Input:
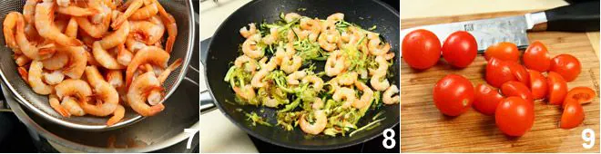 In the meantime, boil the shrimp in boiling water for about three to four minutes, drain them, and shell them. Add them to the leek and zucchini in the pan 8. Cut the cherry tomatoes into wedges 9 and add them to the pan. As soon as they start to soften, add the tomato puree and let it cook for another five minutes 10.
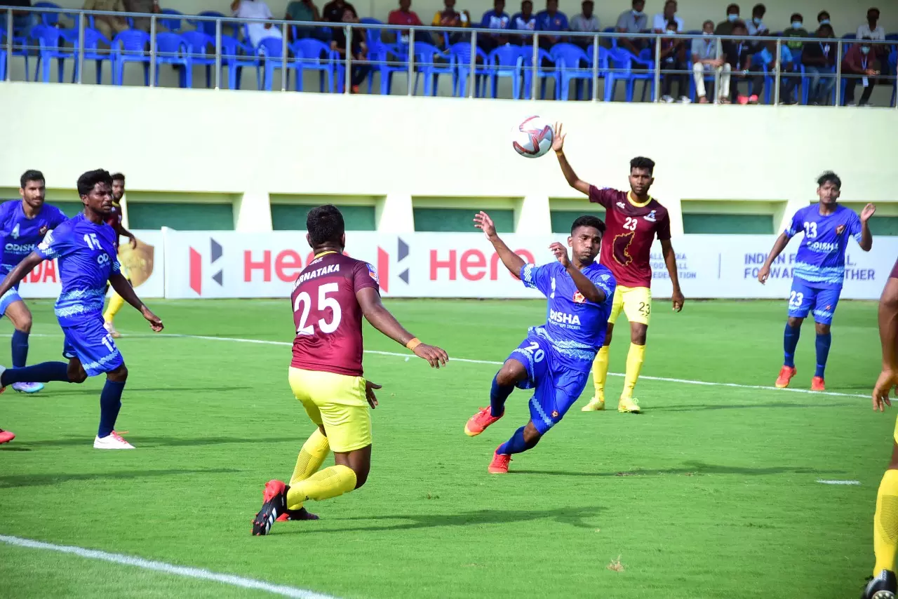 ഗോള് വഴങ്ങിയതിന് ശേഷം ഉണര്ന്നു കളിച്ച കര്ണ്ണാടക തുടരെ മൂന്ന് തവണയാണ് ഒഡീഷ വലകുലുക്കിയത്. കർണാടകയ്ക്കായി സുധീർ കോട്ടികെല രണ്ടു തവണ വലകുലുക്കിയപ്പോള് മലയാളി താരം ബാനു നിഷാദ് ഒരു ഗോൾ നേടി.
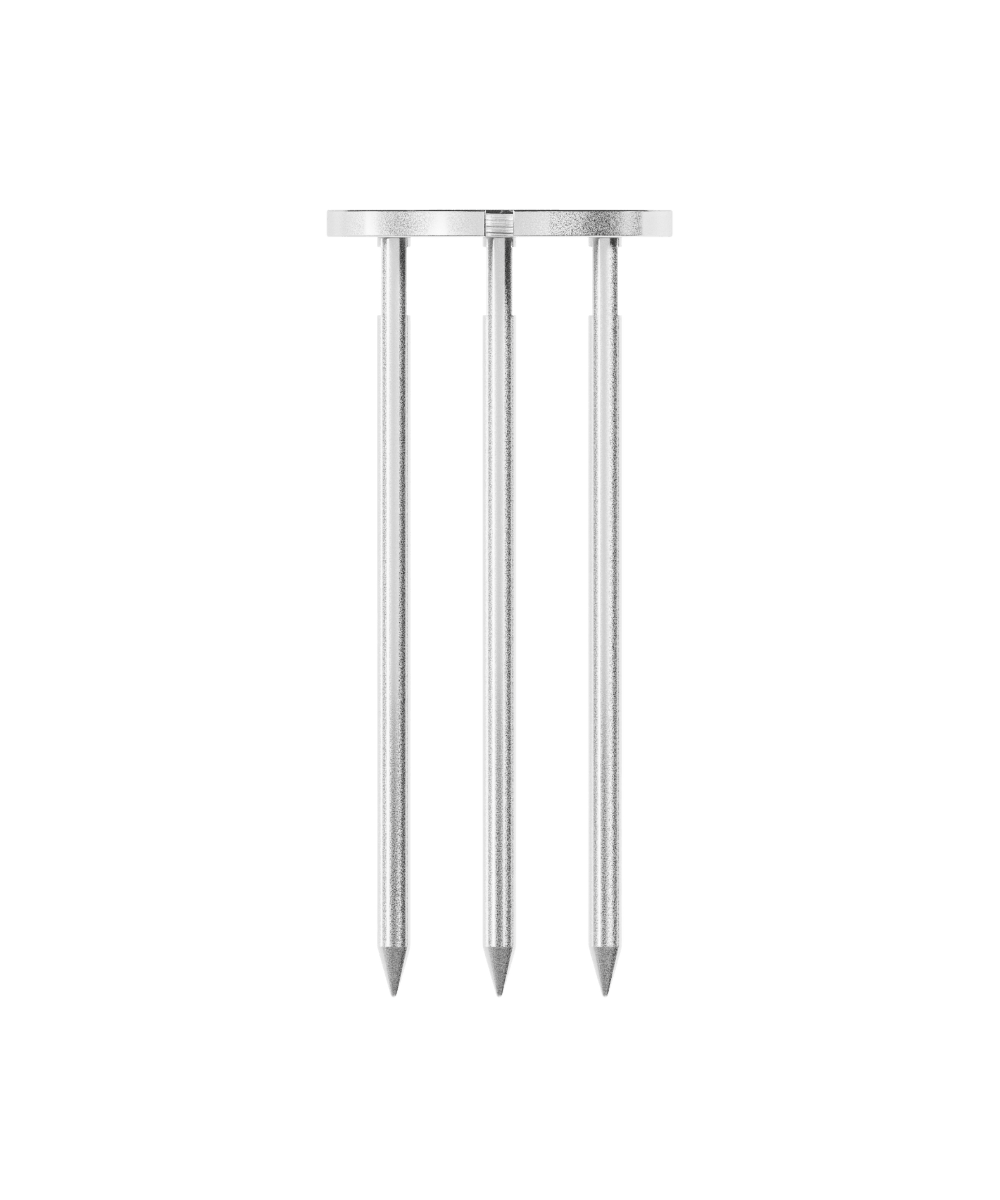 Three 9” stainless steel stabilizing pins provide unmatched anchoring strength in hard, rocky, or loose soils. Engineered for long-term ground contact and secure fixture placement in high-traffic or erosion-prone areas.
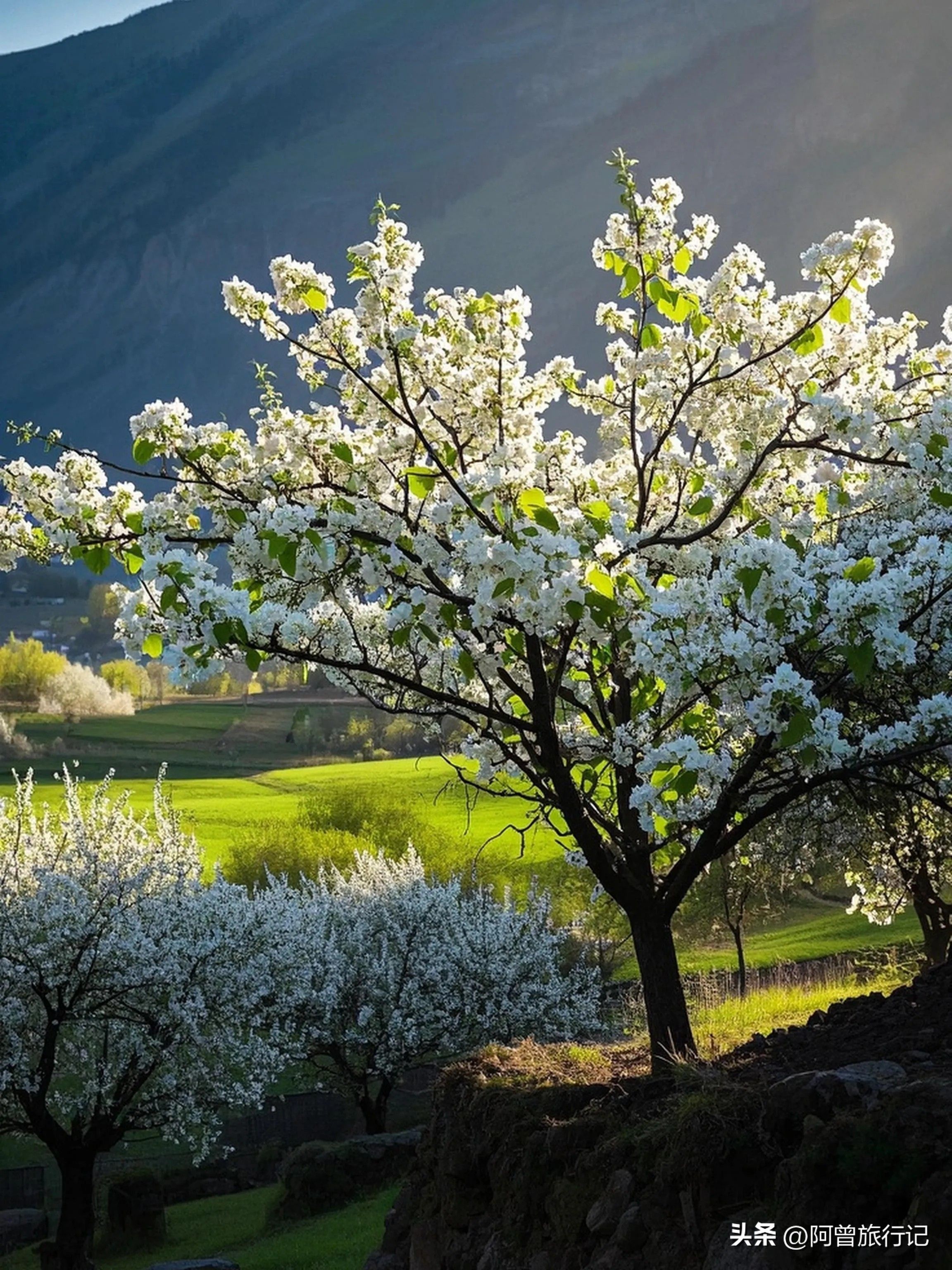 2. 赏花好去处:沙耳乡梨花密集,藏寨、碉楼点缀其中;咯尔乡梨花沿河谷分布,满是田园风光;庆宁乡的梨花与青稞田、雪山构成层次丰富的画面;勒乌镇位于县城,河畔梨花与水中倒影相映成趣。
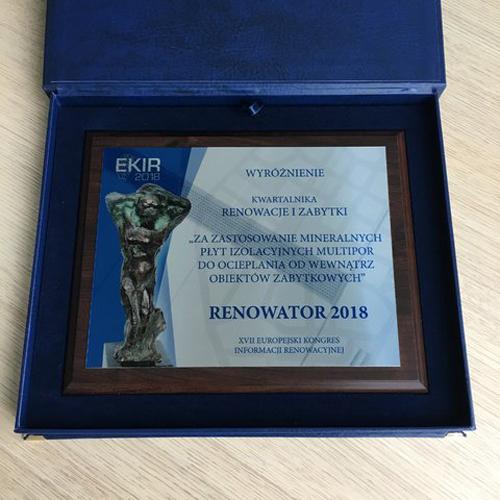 Multipor, innowacyjny system do ociepleń od wewnątrz obiektów historycznych, otrzymał prestiżowe wyróżnienie Renowator 2018. Nagroda została wręczona podczas XVII Europejskiego Kongresu Informacji Renowacyjnej w Krakowie, największej konferencji dla konserwatorów zabytków w Polsce.
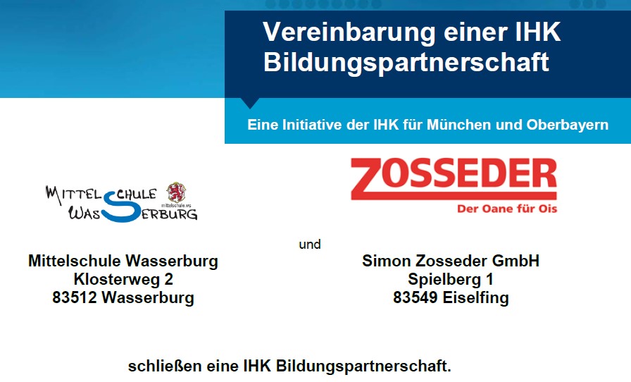 Im Landkreis Rosenheim gibt es eine weitere, neu geschlossene IHK Bildungspartnerschaft: Die Mittelschule Wasserburg und die Simon Zosseder GmbH in Eiselfing werden in Zukunft gemeinsam Schülerinnen und Schüler auf das Berufs- und Arbeitsleben vorbereiten. Beide Seiten haben eine entsprechende Vereinbarung geschlossen. Geplant sind unter anderem Führungen durch das Unternehmen, Betriebspraktika, Bewerbungstrainings und Besuch von Auszubildenden sowie deren Ausbildern im Unterricht.
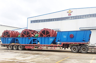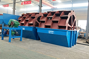 洗沙机工作时,动力装置通过三角带、减速机、齿轮减速后带动叶轮缓慢转动,砂石由给料槽进入洗槽中,在叶轮的带动下翻滚,并互相研磨,除去覆盖砂石表面的杂质,同时破坏包覆砂粒的水汽层,以利于脱水;同时加水,形成强大水流,及时将杂质及比重小的异物带走,并从溢出口洗槽排出,完成清洗过程。
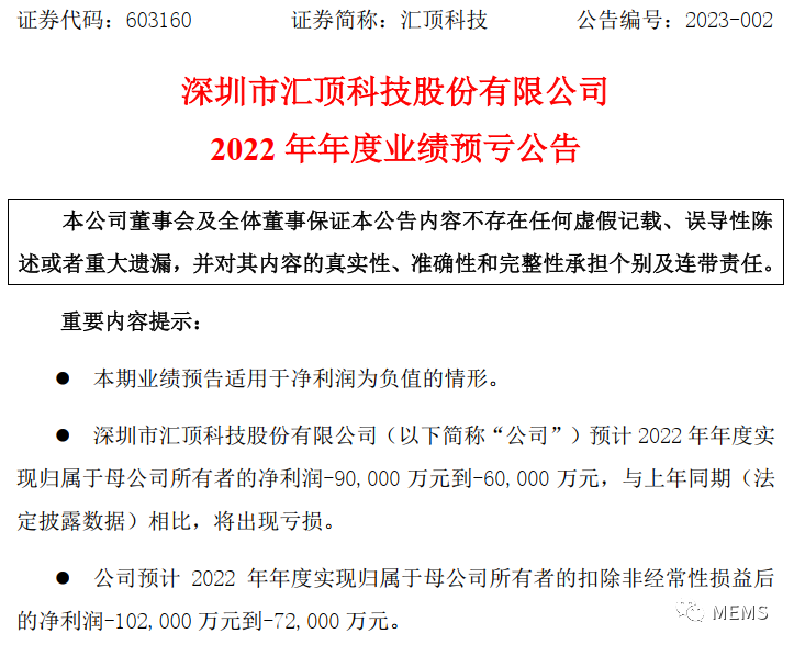 近期,深圳市汇顶科技股份有限公司(简称:汇顶科技)发布2022年年度业绩预亏公告:预计2022年年度实现归属于母公司所有者的净利润-90,000万元到-60,000万元,与上年同期(法定披露数据)相比,将出现亏损;预计2022年年度实现归属于母公司所有者的扣除非经常性损益后的净利润-102,000万元到-72,000万元。
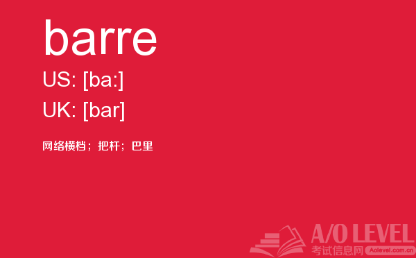 众多周知的英国a-level入学考试是进入英国院校的必经之路,所以我们自然不能小看,建议同学们能够加强a-level考试真题的练习,提前明确英国a-level考试报名的具体信息。为了提高考生们的英国a-level考试成绩,a/o-level考试网小编会每天给大家更新a-level留学资讯和alevel考试资讯,今天带来的是关于a-level考试词汇的单词全解,下面带你学习barre的用法。如果您想了解新加坡a水准报名费用,国内alevel学校,alevel澳洲留学申请,alevel考试时刻等关于a-level考试的相关资讯,请继续浏览并关注课窝a/o-level考试网。
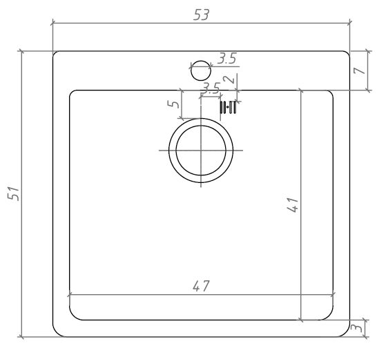 Размеры мойки: 530*510 мм.
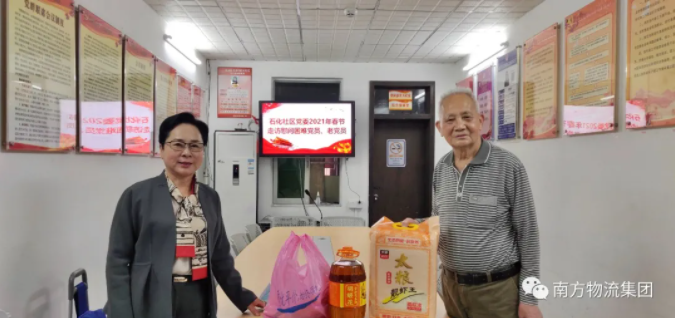 在新春佳节即将来临之际,官金仙董事长作为人大代表,对石化社区困难党员进行走访慰问,在给他们送去慰问品的同时,也为他们送上了新春的问候。祝福他们度过一个幸福、欢乐的春节。

What you need to do:
Retype everything in the entries above exactly. The pictures are to be omitted.

Written answer:
 In the meantime, boil the shrimp in boiling water for about three to four minutes, drain them, and shell them. Add them to the leek and zucchini in the pan 8. Cut the cherry tomatoes into wedges 9 and add them to the pan. As soon as they start to soften, add the tomato puree and let it cook for another five minutes 10.
 ഗോള് വഴങ്ങിയതിന് ശേഷം ഉണര്ന്നു കളിച്ച കര്ണ്ണാടക തുടരെ മൂന്ന് തവണയാണ് ഒഡീഷ വലകുലുക്കിയത്. കർണാടകയ്ക്കായി സുധീർ കോട്ടികെല രണ്ടു തവണ വലകുലുക്കിയപ്പോള് മലയാളി താരം ബാനു നിഷാദ് ഒരു ഗോൾ നേടി.
 Three 9” stainless steel stabilizing pins provide unmatched anchoring strength in hard, rocky, or loose soils. Engineered for long-term ground contact and secure fixture placement in high-traffic or erosion-prone areas.
 2. 赏花好去处:沙耳乡梨花密集,藏寨、碉楼点缀其中;咯尔乡梨花沿河谷分布,满是田园风光;庆宁乡的梨花与青稞田、雪山构成层次丰富的画面;勒乌镇位于县城,河畔梨花与水中倒影相映成趣。
 Multipor, innowacyjny system do ociepleń od wewnątrz obiektów historycznych, otrzymał prestiżowe wyróżnienie Renowator 2018. Nagroda została wręczona podczas XVII Europejskiego Kongresu Informacji Renowacyjnej w Krakowie, największej konferencji dla konserwatorów zabytków w Polsce.
 Im Landkreis Rosenheim gibt es eine weitere, neu geschlossene IHK Bildungspartnerschaft: Die Mittelschule Wasserburg und die Simon Zosseder GmbH in Eiselfing werden in Zukunft gemeinsam Schülerinnen und Schüler auf das Berufs- und Arbeitsleben vorbereiten. Beide Seiten haben eine entsprechende Vereinbarung geschlossen. Geplant sind unter anderem Führungen durch das Unternehmen, Betriebspraktika, Bewerbungstrainings und Besuch von Auszubildenden sowie deren Ausbildern im Unterricht.
 洗沙机工作时,动力装置通过三角带、减速机、齿轮减速后带动叶轮缓慢转动,砂石由给料槽进入洗槽中,在叶轮的带动下翻滚,并互相研磨,除去覆盖砂石表面的杂质,同时破坏包覆砂粒的水汽层,以利于脱水;同时加水,形成强大水流,及时将杂质及比重小的异物带走,并从溢出口洗槽排出,完成清洗过程。
 近期,深圳市汇顶科技股份有限公司(简称:汇顶科技)发布2022年年度业绩预亏公告:预计2022年年度实现归属于母公司所有者的净利润-90,000万元到-60,000万元,与上年同期(法定披露数据)相比,将出现亏损;预计2022年年度实现归属于母公司所有者的扣除非经常性损益后的净利润-102,000万元到-72,000万元。
 众多周知的英国a-level入学考试是进入英国院校的必经之路,所以我们自然不能小看,建议同学们能够加强a-level考试真题的练习,提前明确英国a-level考试报名的具体信息。为了提高考生们的英国a-level考试成绩,a/o-level考试网小编会每天给大家更新a-level留学资讯和alevel考试资讯,今天带来的是关于a-level考试词汇的单词全解,下面带你学习barre的用法。如果您想了解新加坡a水准报名费用,国内alevel学校,alevel澳洲留学申请,alevel考试时刻等关于a-level考试的相关资讯,请继续浏览并关注课窝a/o-level考试网。
 Размеры мойки: 530*510 мм.
 在新春佳节即将来临之际,官金仙董事长作为人大代表,对石化社区困难党员进行走访慰问,在给他们送去慰问品的同时,也为他们送上了新春的问候。祝福他们度过一个幸福、欢乐的春节。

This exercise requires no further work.